* Stored entries:
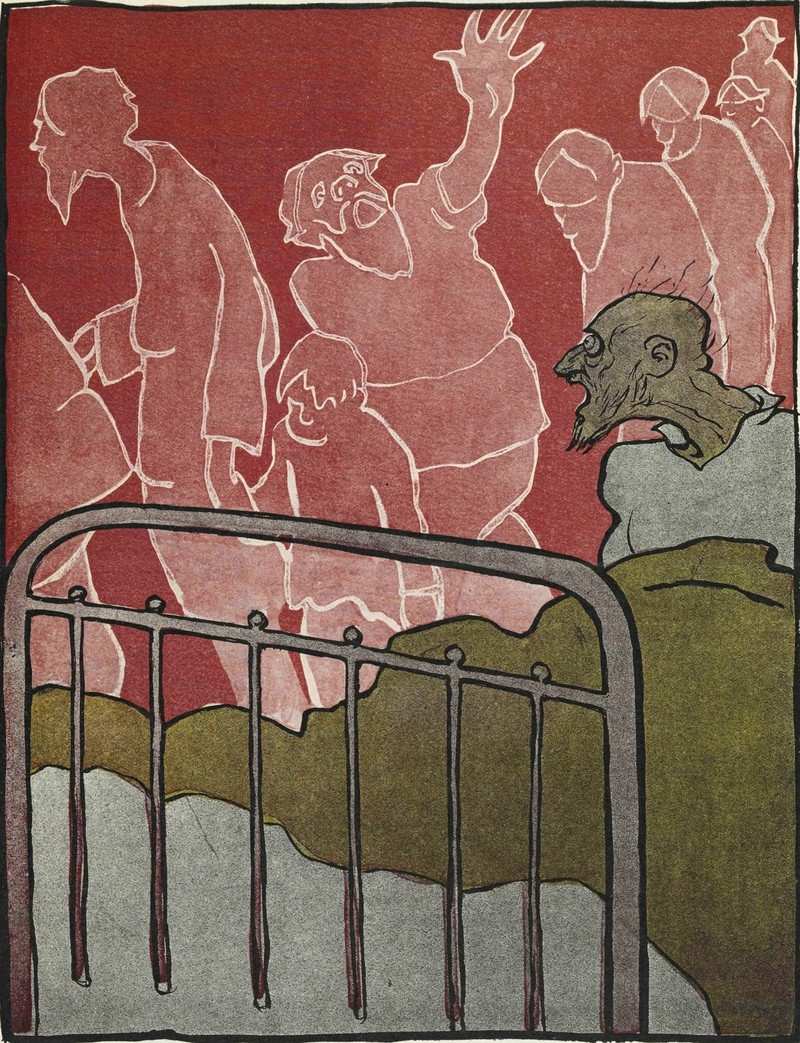 "So many ghosts, and forms of fright, / Have started from their graves tonight. / They have driven sleep from mine eyes away; / I will go down to the chapel and pray" (Henry Wadsworth Longfellow, The Golden Legend). From Satirikon, 1909.
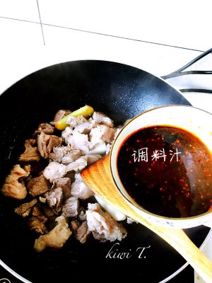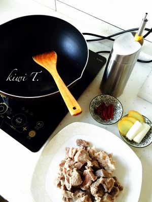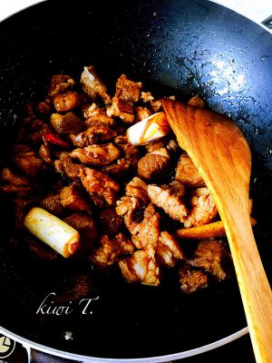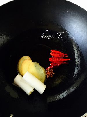 葱、姜、干辣椒和大料(八角)爆锅,炒香。
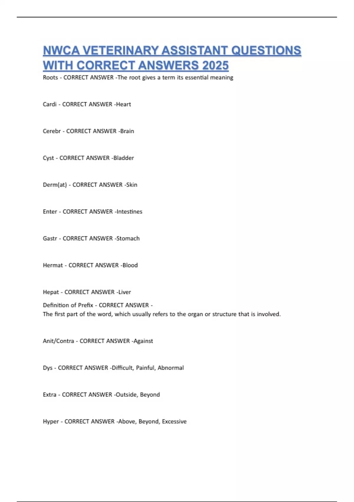 NWCA VETERINARY ASSISTANT QUESTIONS WITH CORRECT ANSWERS 2025
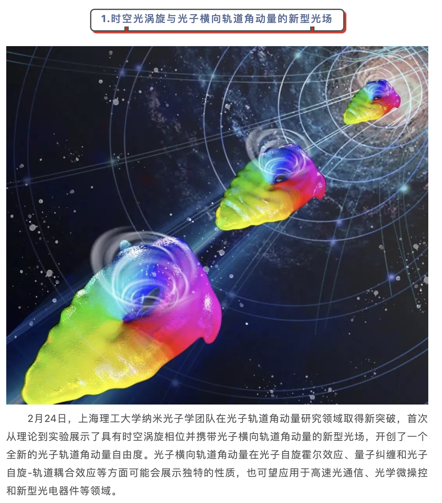 金沙2004路线js5庄松林院士、顾敏院士领导的未来光学实验室在光子轨道角动量研究领域在2020年里取得国际瞩目的成绩。詹其文教授带领的纳米光子学团队在世界光学顶尖期刊《自然-光子学》上发表文章首次从理论到实验展示了具有时空涡旋相位并携带光子横向轨道角动量的新型光场,开创了一个全新的光子轨道角动量自由度(https://www.nature.com/articles/s41566-020-0587-z)。团队在此基础上迅速开展了系列工作,成功实现对光子轨道角动量在时间域上的超高速调制,并找到在亚波长空间尺度上聚焦生成高度局域化的横向光子轨道角动量的有效途径,为进一步研究这一新型光子态与物质的相互作用打下基础。这一系列研究成果入围美国光学学会(OSA)评选的全球30项2020年度光学重大进展(https://www.osa-opn.org/home/articles/volume_31/december_2020/features/optics_in_2020/)。
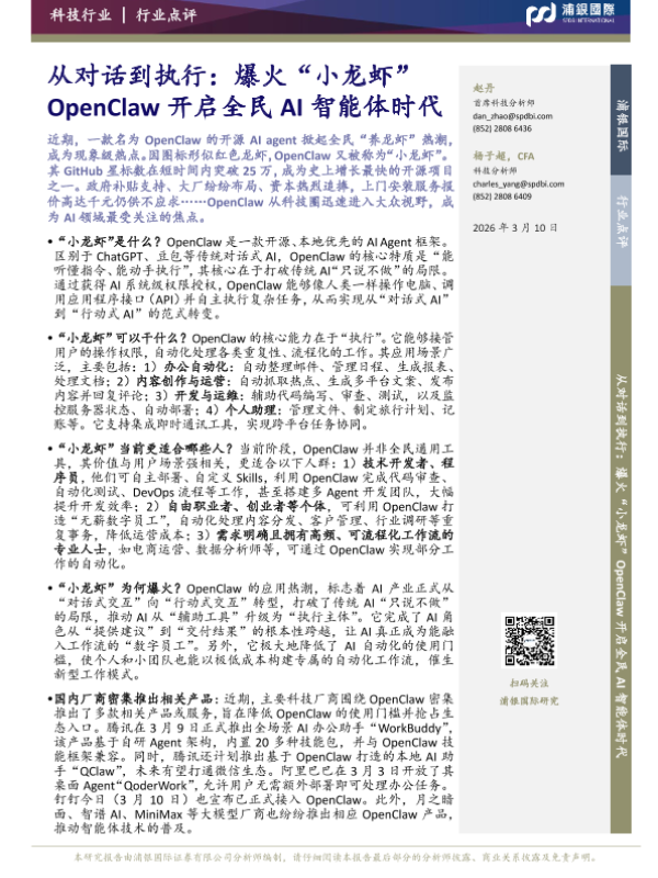 【浦银国际】【202603】从对话到执行:爆火“小龙虾”OpenClaw开启全民 AI智能体时代-4页 证券期货研究报告

* Exercise brief: In the records above, transcribe exactly the lines from the one containing "金沙2004路线js5庄松林" through the last line, both included, and skip the pictures.

* Problem solution:
 金沙2004路线js5庄松林院士、顾敏院士领导的未来光学实验室在光子轨道角动量研究领域在2020年里取得国际瞩目的成绩。詹其文教授带领的纳米光子学团队在世界光学顶尖期刊《自然-光子学》上发表文章首次从理论到实验展示了具有时空涡旋相位并携带光子横向轨道角动量的新型光场,开创了一个全新的光子轨道角动量自由度(https://www.nature.com/articles/s41566-020-0587-z)。团队在此基础上迅速开展了系列工作,成功实现对光子轨道角动量在时间域上的超高速调制,并找到在亚波长空间尺度上聚焦生成高度局域化的横向光子轨道角动量的有效途径,为进一步研究这一新型光子态与物质的相互作用打下基础。这一系列研究成果入围美国光学学会(OSA)评选的全球30项2020年度光学重大进展(https://www.osa-opn.org/home/articles/volume_31/december_2020/features/optics_in_2020/)。
 【浦银国际】【202603】从对话到执行:爆火“小龙虾”OpenClaw开启全民 AI智能体时代-4页 证券期货研究报告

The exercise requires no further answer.